Sen. Debbie Stabenow, D-Mich.
Sen. Debbie Stabenow, D-Mich.
Senate Agriculture Committee Chairman Debbie Stabenow, D-Mich., wrote Commodity Futures Trading Commission Chairman Gary Gensler a letter on Monday asking for a report on the situation and noting that she plans to hold a hearing on the regulation of the financial markets in the next few weeks.

Gensler, who worked with Corzine at Goldman Sachs, has recused himself from the MF Global case and has put CFTC Commissioner Jill Sommers, a Republican, in charge of it.

The gravity of the situation for rural Americans was illustrated today when Senate Agriculture Committee ranking member Pat Roberts, R-Kans., called on the CFTC, the stock exchanges and the bankruptcy trustee to work together to release frozen MF Global margin account funds to customers, noting that many of those customers are Kansans.

Sen. Pat Roberts, R-Kans.
Sen. Pat Roberts, R-Kans.
“While I can appreciate the need to get to the bottom of the situation at MF Global, many farmers, bankers and agribusinesses in Kansas, and around the country, have been left in limbo,” Roberts said in a news release. “Failure to release these accounts will penalize the innocent victims of this collapse with further financial hardship.”

In a letter to Sommers, Roberts said, “I write on behalf of the large numbers of Kansas producers, grain elevators, cattle feeding operations and commodity risk management firms who, through no fault of their own, are experiencing severe financial losses and hardship due to the MF Global, Inc. bankruptcy.
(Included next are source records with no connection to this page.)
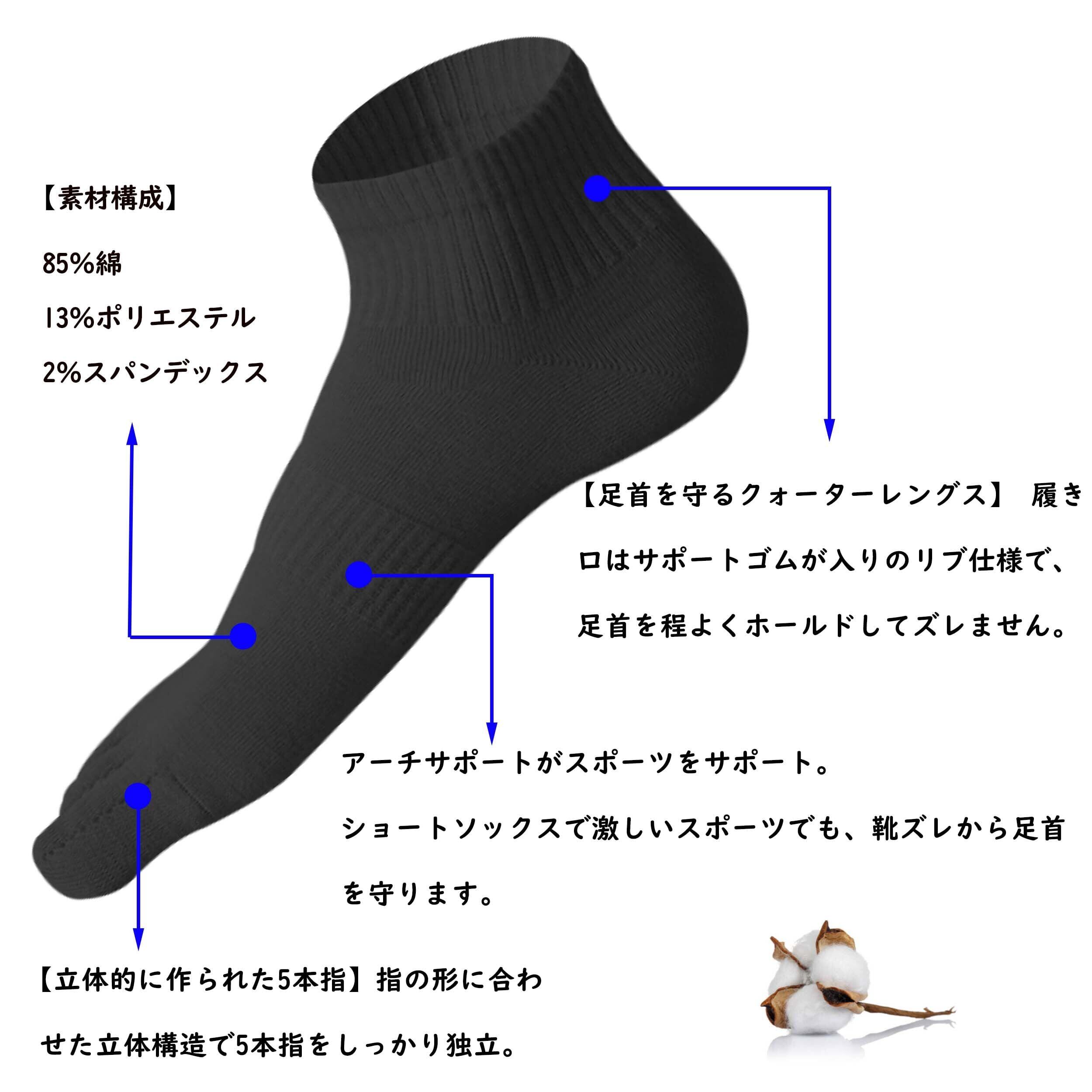 【優れたデザイン】指先立体設計で親指から小指まで、指の側面に編み込み状の空気穴、汗ムレ対策、通気、耐久、破れにくい、足快適な履き心地を維持することができます。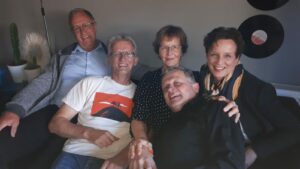 Later hebben we deze foto ‘nagespeeld’. Volwassen en wel gingen we in precies dezelfde positie zitten. Dat viel voor ‘baby’ Albert niet mee.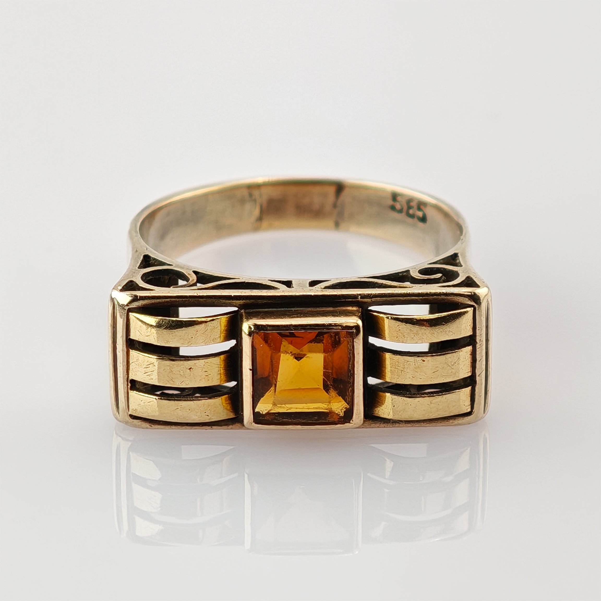 Art-Déco-Ring aus Gelbgold mit Citrin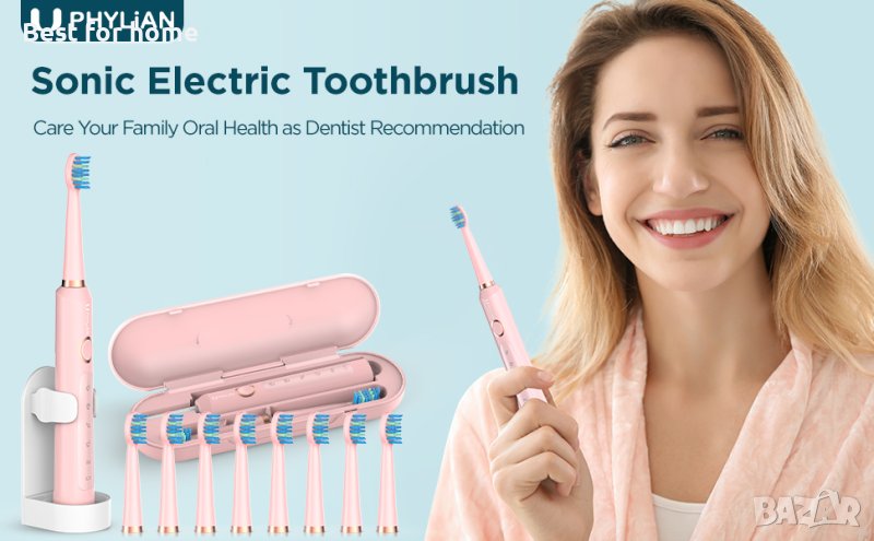 Звукова електрическа четка за зъби PHYLIAN,8 глави,акумулаторна,3 часа бързо зареждане за 120 дни

The shortfall of segregated funds in thousands of MF Global, Inc. customers’ margin accounts is a shocking development that is unprecedented in the decades’ long history of agricultural futures markets.”

Jill Sommers
Jill Sommers, CFTC commissioner
The CFTC said today it supported the trustee’s application for an expedited claims process in the MF Global, Inc. liquidation, and authorized the transfer of funds for customers with “cash-only” accounts outside of the claims process.

“My number one priority at this point is to work with the trustee and facilitate an equitable distribution of funds to all MFGI customers as quickly as possible,” Sommers said in a news release.